§ DIRECTIONS
From the records below, transcribe only the lines running from the one with "圖為老干部陳幸均在病床上簽訂股權轉讓手續" through the one with "The following supporting". Keep both of those end lines.

§ THE INPUT
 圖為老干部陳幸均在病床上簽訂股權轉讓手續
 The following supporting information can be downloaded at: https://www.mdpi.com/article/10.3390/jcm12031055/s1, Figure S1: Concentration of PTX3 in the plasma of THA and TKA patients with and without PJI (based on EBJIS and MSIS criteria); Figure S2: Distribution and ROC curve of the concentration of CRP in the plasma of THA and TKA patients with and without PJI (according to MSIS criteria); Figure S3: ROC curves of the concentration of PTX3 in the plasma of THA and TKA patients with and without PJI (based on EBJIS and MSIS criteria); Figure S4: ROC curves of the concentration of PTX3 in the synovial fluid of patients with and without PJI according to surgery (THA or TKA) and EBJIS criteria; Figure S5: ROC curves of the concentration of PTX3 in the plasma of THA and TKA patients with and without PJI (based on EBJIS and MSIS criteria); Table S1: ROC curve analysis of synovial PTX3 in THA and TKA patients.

==

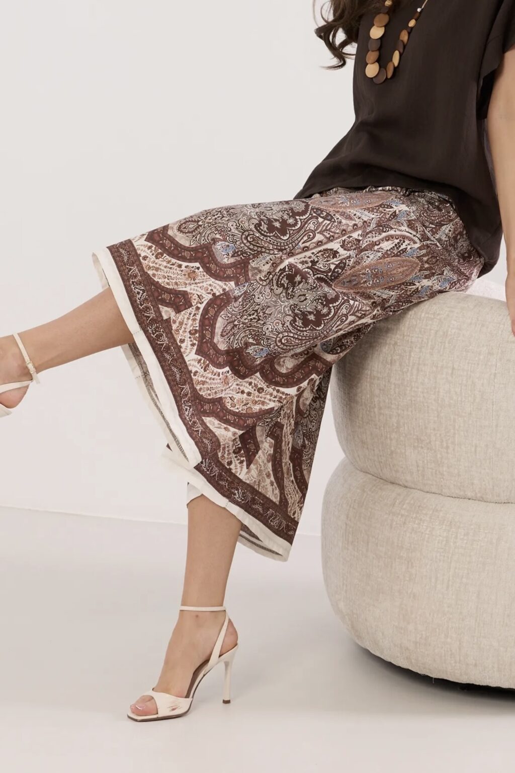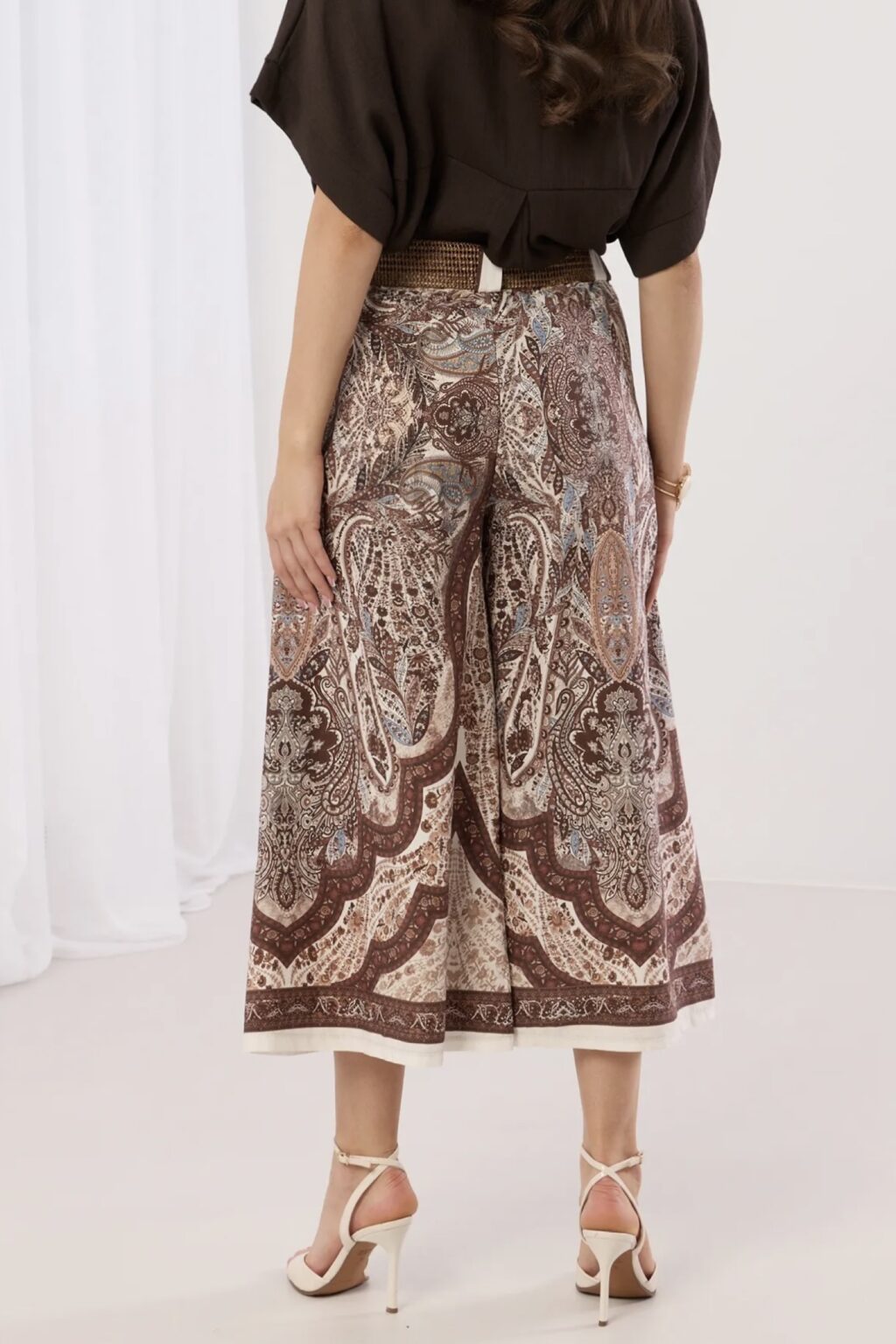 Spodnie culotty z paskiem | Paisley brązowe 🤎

§ PROBLEM SOLUTION
 圖為老干部陳幸均在病床上簽訂股權轉讓手續
 The following supporting information can be downloaded at: https://www.mdpi.com/article/10.3390/jcm12031055/s1, Figure S1: Concentration of PTX3 in the plasma of THA and TKA patients with and without PJI (based on EBJIS and MSIS criteria); Figure S2: Distribution and ROC curve of the concentration of CRP in the plasma of THA and TKA patients with and without PJI (according to MSIS criteria); Figure S3: ROC curves of the concentration of PTX3 in the plasma of THA and TKA patients with and without PJI (based on EBJIS and MSIS criteria); Figure S4: ROC curves of the concentration of PTX3 in the synovial fluid of patients with and without PJI according to surgery (THA or TKA) and EBJIS criteria; Figure S5: ROC curves of the concentration of PTX3 in the plasma of THA and TKA patients with and without PJI (based on EBJIS and MSIS criteria); Table S1: ROC curve analysis of synovial PTX3 in THA and TKA patients.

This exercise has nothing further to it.